A single person did not create the Internet that we know and use today. Below is a listing of different people who have helped contribute to and develop the Internet.
The initial idea of the Internet is credited to Leonard Kleinrock after he published his first paper entitled “Information Flow in Large Communication Nets” on May 31, 1961.
In 1962, J.C.R. Licklider became the first Director of IPTO and gave his vision of a galactic network. Also, with ideas from Licklider and Kleinrock, Robert Taylor helped create the idea of the network that later became ARPANET.
The Internet as we know it today first started being developed in the late 1960’s in California in the United States.

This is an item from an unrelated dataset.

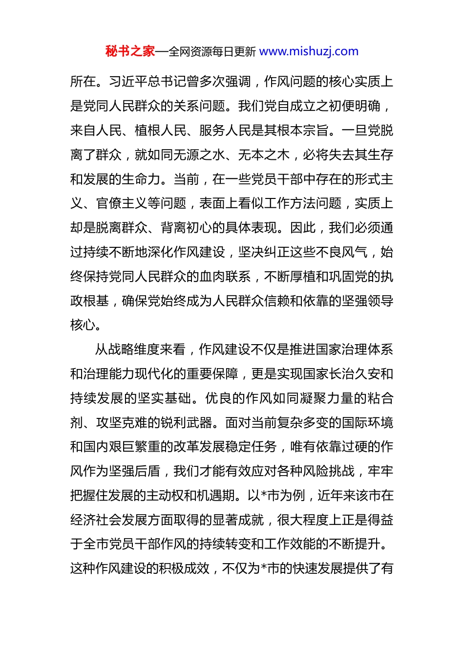 秘书之家—全网资源每日更新 www.mishuzj.com党课:常学常思笃做笃行,以扎实作风建设推进党风政风持续向好 同志们:今天我们齐聚一堂,围绕深入贯彻纪律规定精神、加强党的作风建设这一主题进行学习交流。作风建设关系党的形象,关系人心向背,关系事业兴衰。党的十八大以来,以习近平同志为核心的党中央以巨大政治勇气和历史担当推进全面从严治党,纪律规定的出台和实施,开启了中国共产党激浊扬清、自我革命的历史新篇章。我们必须深刻认识加强作风建设的极端重要性,以永远在路上的执着,将作风建设不断引向深入。一、深刻把握习近平总书记关于加强党的作风建设重要论述的时代意义习近平总书记围绕党的作风建设发表一系列重要论述,立意高远、思想深邃、内涵丰富,是推进新时代党的作风建设的根本遵循和行动指南。这些重要论述深刻回答了为什么要加强作风建设、怎样加强作风建设等重大理论和实践问题,具有极强的政治性、思想性、指导性。从政治维度来看,作风建设不仅是践行党的初心使命的本质要求,更是确保党始终保持先进性和纯洁性的关键秘书之家—全网资源每日更新 www.mishuzj.com所在。习近平总书记曾多次强调,作风问题的核心实质上是党同人民群众的关系问题。我们党自成立之初便明确,来自人民、植根人民、服务人民是其根本宗旨。一旦党脱离了群众,就如同无源之水、无本之木,必将失去其生存和发展的生命力。当前,在一些党员干部中存在的形式主义、官僚主义等问题,表面上看似工作方法问题,实质上却是脱离群众、背离初心的具体表现。因此,我们必须通过持续不断地深化作风建设,坚决纠正这些不良风气,始终保持党同人民群众的血肉联系,不断厚植和巩固党的执政根基,确保党始终成为人民群众信赖和依靠的坚强领导核心。从战略维度来看,作风建设不仅是推进国家治理体系和治理能力现代化的重要保障,更是实现国家长治久安和持续发展的坚实基础。优良的作风如同凝聚力量的粘合剂、攻坚克难的锐利武器。面对当前复杂多变的国际环境和国内艰巨繁重的改革发展稳定任务,唯有依靠过硬的作风作为坚强后盾,我们才能有效应对各种风险挑战,牢牢把握住发展的主动权和机遇期。以*市为例,近年来该市在经济社会发展方面取得的显著成就,很大程度上正是得益于全市党员干部作风的持续转变和工作效能的不断提升。这种作风建设的积极成效,不仅为*市的快速发展提供了有秘书之家—全网资源每日更新 www.mishuzj.com力支撑,也为其他地区提供了可借鉴的成功经验。从实践维度来看,作风建设不仅是推动各项事业高质量发展的迫切需要,更是提升工作实效和群众满意度的关键举措。一个地区、一个部门的工作成效如何,往往与干部队伍的作风状况密切相关。以*市卫生健康委为例,该部门承担着保障人民群众健康的重要职责,其作风建设的成效直接关系到医疗服务的质量和群众的满意度。如果作风不正、效率低下,不仅会影响卫生健康事业的发展,更会损害群众的切身利益。因此,必须通过进一步加强作风建设,提振干部队伍的精气神,提高工作的执行力和落实力,以优良的作风推动卫生健康事业实现更高质量的发展,切实提升人民群众的获得感和幸福感。二、全面领会习近平总书记关于加强党的作风建设重要论述的丰富内涵习近平总书记关于加强党的作风建设的重要论述,系统完整、逻辑严密,集中体现在以下几个方面:始终坚持人民至上的根本立场。习近平总书记深刻指出,要始终把人民放在心中最高位置,坚定不移地坚持一切为了人民、一切依靠人民的基本原则。这一重要论述不仅明确了作风建设的核心价值取向,也指明了我们工作的最终目标追求。在卫生健康工作中,我们必须牢固树立以秘书之家—全网资源每日更新 www.mishuzj.com人民健康为中心的发展思想,全心全意致力于解决广大群众在看病就医过程中遇到的各类急难愁盼问题。今年以来,*市卫生健康系统积极响应号召,通过深入开展“改善就医感受提升患者体验”的主题活动,扎实推进*项便民服务措施的落地实施,取得了显著成效,患者满意度较去年同期大幅提升了*个百分点。始终保持求真务实的优良作风。习近平总书记反复强调,空谈误国、实干兴邦,要...

In the summer of 1968, the Network Working Group (NWG) held its first meeting, chaired by Elmer Shapiro, at the Stanford Research Institute (SRI). Other attendees included Steve Carr, Steve Crocker, Jeff Rulifson, and Ron Stoughton. In the meeting, the group discussed solving issues related to getting hosts to communicate with each other.
In December 1968, Elmer Shapiro with SRI released a report “A Study of Computer Network Design Parameters.” Based on this work and earlier work done by Paul Baran, Thomas Marill and others, Lawrence Roberts and Barry Wessler created the Interface Message Processor (IMP) specifications. Bolt Beranek and Newman, Inc. (BBN) was later awarded the contract to design and build the IMP subnetwork.
General public learns about Internet
The UCLA (University of California, Los Angeles) put out a press release introducing the public to the Internet on July 3, 1969.